While Rogers is predicting that the 2020 Summer Olympics, also commonly known as Tokyo 2020 would bring a short-term boost to the Japanese economy, he said it would presage a longer-term downturn given that there is no solution in sight to a slew of socioeconomic issues like a shrinking and fast-aging population, the lack of gender equality, the reluctance to embrace immigration, low productivity, and a little appetite for disruption.
“Japan’s national debt is going to swell due to the Olympics, and this can only lead to a bad outcome for ordinary citizens,” Jim wrote in his new book, Warning To Japan.
The book, which is published in Japanese, comprises interviews with Oxford-educated entrepreneur Hakuei Kosato. It has cracked bestsellers’ lists and was reprinted six times within one month of its release in July.
Japan’s ballooning public debt now stands at 240 percent of its GDP, gross domestic product, and all previous attempts to bring the nation back to fiscal health have been postponed. The target of fiscal 2020 was pushed back to 2025, and yet even the most optimistic estimates now suggest this is implausible.
“There was such a long period of astonishing prosperity when everything worked,” Mr. Rogers said in an interview. “But Japan got so rich, so successful, that… it resulted in huge protectionism.” Prime Minister Shinzo Abe has tried to change things, but Mr. Rogers said many policy measures serve only to kick the can down the road rather than go far enough and try to obtain some concrete results.
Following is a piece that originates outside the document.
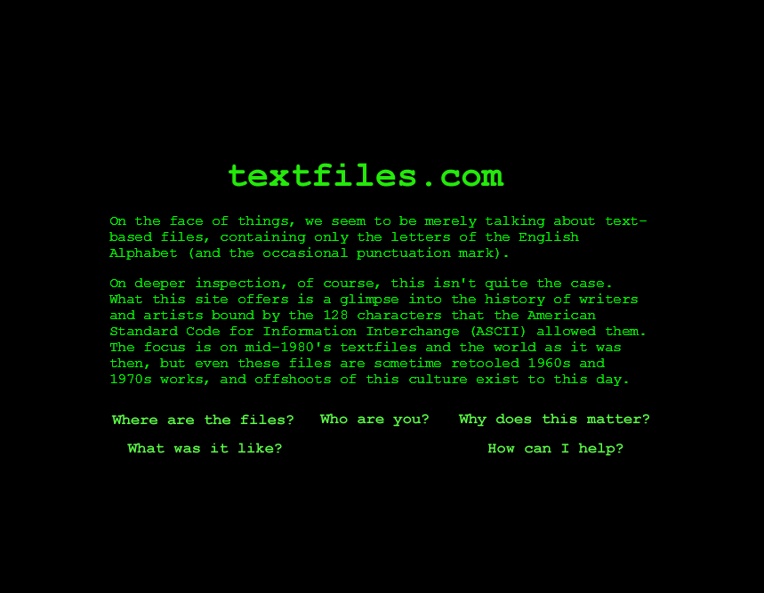 Se han guardado muchas cosas a través del tiempo en formato de archivo .txt y este sitio los tiene casi todos. Hack en internet.

“If there was somebody in Japan who will say, we got to bear this pain; we have to sort this out. And if we don’t, the 10-year-olds in Japan today will have no future,” he said.
“But the problem is that the politicians in power today don’t want to do that. They know if they cause the pain, it is not going to be good for them.” Japan, pressured by global headwinds, downgraded its economic outlook to “worsening” this month.
Among other things, it is facing sluggish exports in part due to a trade war between the United States and China, and an ongoing boycott of Japanese goods in South Korea. And while Mr. Rogers acknowledges Japan has opened up to foreigners under a new “specified skills” visa scheme for blue-collar workers launched in April, he said the influx needs to be more drastic to make an impact.
Japan is already facing a glut of jobs. The unemployment rate was 2.2 percent last month when there were 159 job openings for every 100 job hunters. But the visa program, under which up to 345,150 foreigners are to be welcomed by March 2024, has been off to a tepid start. This has raised interrogations about whether they want to work in Japan, and whether the locals are welcoming enough to these overseas workers.
Only about 600 people, mostly from South-east Asia, have been granted the visa, despite the fact the government wants to woo 47,550 foreigners in the program’s first year.
“They’re opening up a little bit, but not nearly enough,” he said. “It’s simple arithmetic. The population is going down, and they’re not having babies. It is straightforward but overwhelming and frightening for their future.”
Fewer than 900,000 Japanese babies are expected to be born this year, marking a new low. The population, now at 126.4 million, is expected to shrink to 88 million in 45 years.